By Peter Coates - posted Monday, 11 November 2013

Today there are many ways to remember those Australians killed in war. This article mentions a few ways, including songs, PTSD, a National Cemetery and the 1993 eulogy of the Unknown Australian Soldier.

Songs convey images of war and remembrance in the minds of many. One of the more memorable songs is Khe Sanh by Cold Chisel. Another is John Schumann’sI Was Only 19. Written by Australia’s Eric Bogle is the sad and majestic Green Fields of France. The last reminds us how war involves mistakes and tragedies that happen “again and again”.

The multi-talented singer/songwriter/diplomat/comedian, Fred Smith, has filled a void by producing a truly memorable song about returning from Afghanistan, Going Home. Fred’s song broaches another way, tragic and unsought,to remember. That way is Post Traumatic Stress Disorder (PTSD). The Traumatic Stressfactsheet includes some contact numbers and websites which may be useful.


The RSL’s idea of building a National Cemetery in Canberra, would be fitting. The idea appears to be supported by the Abbott Government. It is envisaged the cemetery would be the resting place of soldiers killed in action, Victoria Cross winners, former governors-general and former prime ministers. There are suggestions that is be sited on the edge of Lake Burley Griffin.

Two years after the end of World War One an unknown soldier was entombed in Westminster Abbey. He represented all young men of the then British Empire killed in World War One. It was not until 1993 that an Unknown Australian Soldierwas moved from his grave near Villers-Bretonneux, France and then reinterred in the Australian War Memorial’s Hall of Memory.

As Treasurer and Prime Minister, Paul Keating was notorious for making insults an art form. Keating, however, was surprisingly eloquent in his eulogy of the Unknown Australian Soldier on 11 November 1993. This is the first part of the eulogy:

We do not know this Australian's name and we never will.
We do not know his rank or his battalion.
We do not know where he was born, nor precisely how and when he died.
We do not know where in Australia he had made his home or when he left it for the battlefields of Europe.
We do not know his age or his circumstances – whether he was from the city or the bush; what occupation he left to become a soldier; what religion, if he had a religion; if he was married or single.
We do not know who loved him or whom he loved.
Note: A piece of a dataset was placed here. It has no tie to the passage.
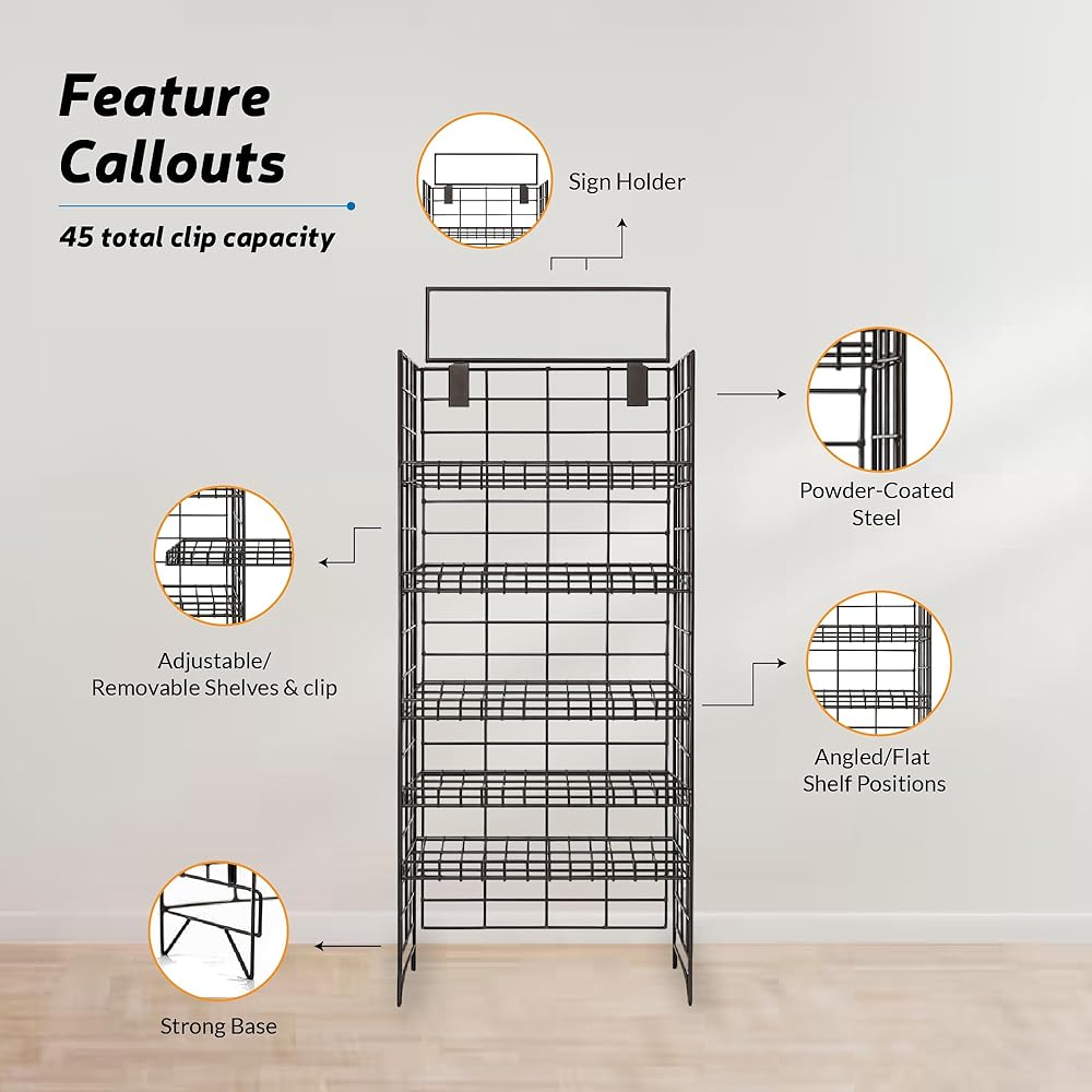 Multiple Layers: The rack features multiple layers, allowing you to display a variety of products on different levels, maximizing space and visibility.

If he had children we do not know who they are.
His family is lost to us as he was lost to them.
We will never know who this Australian was.

Yet he has always been among those whom we have honoured. We know that he was one of the 45,000 Australians who died on the Western Front. One of the 416,000 Australians who volunteered for service in the First World War. One of the 324,000 Australians who served overseas in that war and one of the 60,000 Australians who died on foreign soil. One of the 100,000 Australians who have died in wars this century.

He is all of them. And he is one of us.

This Australia and the Australia he knew are like foreign countries. The tide of events since he died has been so dramatic, so vast and all-consuming, a world has been created beyond the reach of his imagination.

He may have been one of those who believed that the Great War would be an adventure too grand to miss. He may have felt that he would never live down the shame of not going. But the chances are he went for no other reason than that he believed it was his duty - the duty he owed his country and his King.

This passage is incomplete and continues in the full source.